• PROVIDED DATA:

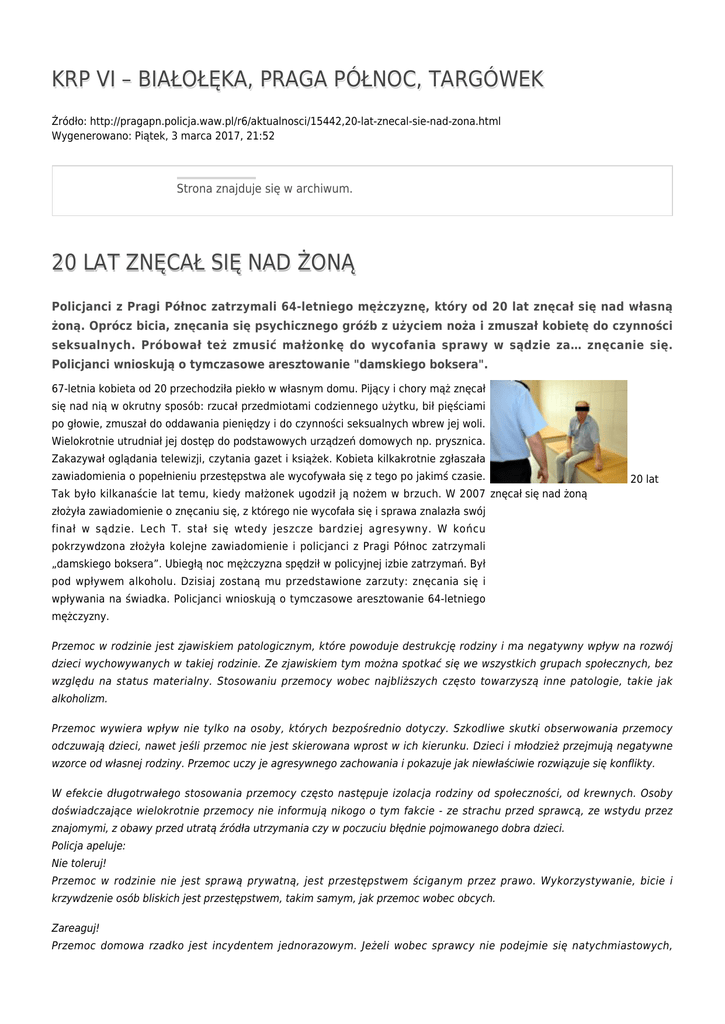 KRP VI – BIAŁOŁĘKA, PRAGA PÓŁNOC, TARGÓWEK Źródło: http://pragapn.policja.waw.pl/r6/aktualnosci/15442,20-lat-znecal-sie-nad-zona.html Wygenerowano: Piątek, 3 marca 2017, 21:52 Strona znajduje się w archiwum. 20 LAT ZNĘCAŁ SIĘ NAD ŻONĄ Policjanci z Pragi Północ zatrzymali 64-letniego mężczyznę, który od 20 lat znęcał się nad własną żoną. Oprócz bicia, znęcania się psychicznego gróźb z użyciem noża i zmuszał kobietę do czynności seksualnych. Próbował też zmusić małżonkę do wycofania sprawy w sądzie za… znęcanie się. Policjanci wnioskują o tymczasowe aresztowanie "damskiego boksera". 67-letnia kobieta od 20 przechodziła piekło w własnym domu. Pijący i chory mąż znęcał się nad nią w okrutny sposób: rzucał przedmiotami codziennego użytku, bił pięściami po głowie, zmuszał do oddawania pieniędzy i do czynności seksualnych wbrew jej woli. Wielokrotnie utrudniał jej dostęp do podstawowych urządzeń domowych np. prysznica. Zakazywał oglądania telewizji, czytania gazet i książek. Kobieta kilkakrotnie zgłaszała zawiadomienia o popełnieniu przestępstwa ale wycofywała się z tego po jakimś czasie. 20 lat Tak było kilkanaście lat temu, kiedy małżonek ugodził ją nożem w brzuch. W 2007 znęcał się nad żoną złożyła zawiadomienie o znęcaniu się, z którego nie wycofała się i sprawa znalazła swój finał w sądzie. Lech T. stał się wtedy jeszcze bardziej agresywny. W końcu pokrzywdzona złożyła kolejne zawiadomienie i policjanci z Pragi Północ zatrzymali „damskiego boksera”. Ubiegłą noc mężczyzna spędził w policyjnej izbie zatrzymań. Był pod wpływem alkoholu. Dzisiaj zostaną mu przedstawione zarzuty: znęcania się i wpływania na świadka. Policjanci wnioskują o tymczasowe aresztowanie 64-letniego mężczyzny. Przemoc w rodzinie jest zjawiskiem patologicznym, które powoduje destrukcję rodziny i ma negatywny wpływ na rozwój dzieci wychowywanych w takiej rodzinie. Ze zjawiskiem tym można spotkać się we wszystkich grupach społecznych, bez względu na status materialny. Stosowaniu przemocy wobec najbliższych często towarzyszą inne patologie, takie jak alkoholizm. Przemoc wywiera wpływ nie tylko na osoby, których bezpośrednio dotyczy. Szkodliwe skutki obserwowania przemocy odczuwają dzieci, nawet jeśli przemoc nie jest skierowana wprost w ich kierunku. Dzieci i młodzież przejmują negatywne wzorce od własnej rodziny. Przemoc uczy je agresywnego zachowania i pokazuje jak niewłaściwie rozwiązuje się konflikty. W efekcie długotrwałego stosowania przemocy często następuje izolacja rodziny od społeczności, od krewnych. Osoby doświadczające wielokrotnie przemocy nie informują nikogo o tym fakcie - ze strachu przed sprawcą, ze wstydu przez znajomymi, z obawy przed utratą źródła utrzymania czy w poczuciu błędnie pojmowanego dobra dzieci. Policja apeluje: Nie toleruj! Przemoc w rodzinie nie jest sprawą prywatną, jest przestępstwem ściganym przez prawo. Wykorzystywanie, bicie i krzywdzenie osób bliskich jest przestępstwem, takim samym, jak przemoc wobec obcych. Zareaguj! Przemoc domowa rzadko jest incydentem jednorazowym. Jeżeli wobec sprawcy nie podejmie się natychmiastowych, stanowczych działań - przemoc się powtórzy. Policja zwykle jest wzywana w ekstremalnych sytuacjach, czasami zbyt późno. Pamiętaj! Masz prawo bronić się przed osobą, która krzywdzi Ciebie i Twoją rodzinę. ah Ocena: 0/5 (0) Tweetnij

==

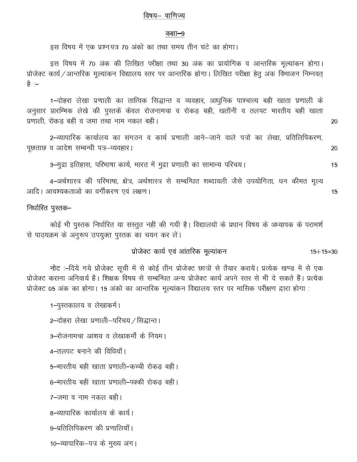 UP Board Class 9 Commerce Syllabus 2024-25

...

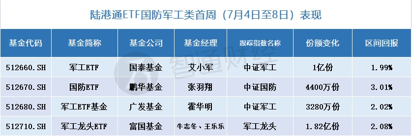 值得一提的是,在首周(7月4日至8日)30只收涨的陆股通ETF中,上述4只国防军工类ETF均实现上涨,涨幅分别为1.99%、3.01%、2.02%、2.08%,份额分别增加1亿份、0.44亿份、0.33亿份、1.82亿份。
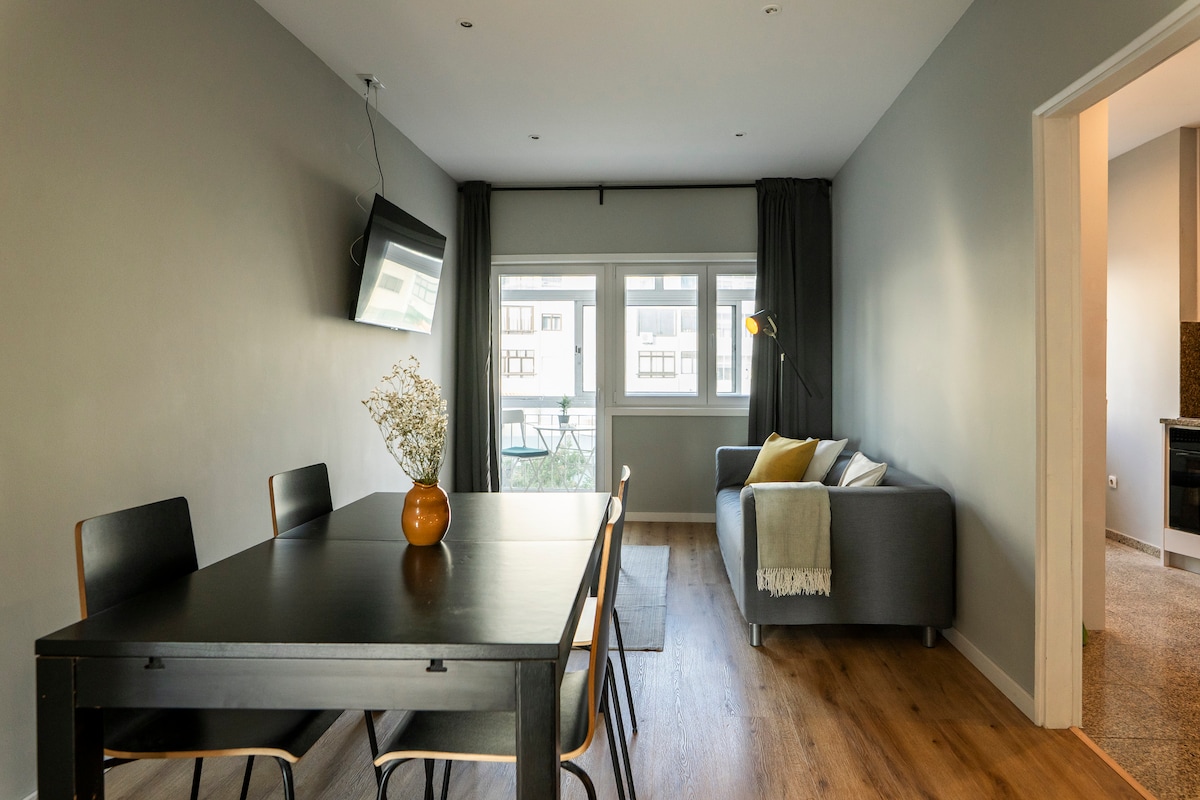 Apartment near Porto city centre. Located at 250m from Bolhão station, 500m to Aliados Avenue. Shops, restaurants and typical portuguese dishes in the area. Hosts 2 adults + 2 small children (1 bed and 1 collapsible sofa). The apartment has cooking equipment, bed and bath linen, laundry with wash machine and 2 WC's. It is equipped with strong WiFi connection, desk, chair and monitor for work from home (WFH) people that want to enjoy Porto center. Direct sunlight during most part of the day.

• TASK REQUIREMENTS: Transcribe, word for word, the lines of the listing above from the one that contains "值得一提的是,在首周(7月4" through the one that contains "Apartment near Porto", keeping both ends and dropping the pictures.

• OUTPUT OF THE EXERCISE:
 值得一提的是,在首周(7月4日至8日)30只收涨的陆股通ETF中,上述4只国防军工类ETF均实现上涨,涨幅分别为1.99%、3.01%、2.02%、2.08%,份额分别增加1亿份、0.44亿份、0.33亿份、1.82亿份。
 Apartment near Porto city centre. Located at 250m from Bolhão station, 500m to Aliados Avenue. Shops, restaurants and typical portuguese dishes in the area. Hosts 2 adults + 2 small children (1 bed and 1 collapsible sofa). The apartment has cooking equipment, bed and bath linen, laundry with wash machine and 2 WC's. It is equipped with strong WiFi connection, desk, chair and monitor for work from home (WFH) people that want to enjoy Porto center. Direct sunlight during most part of the day.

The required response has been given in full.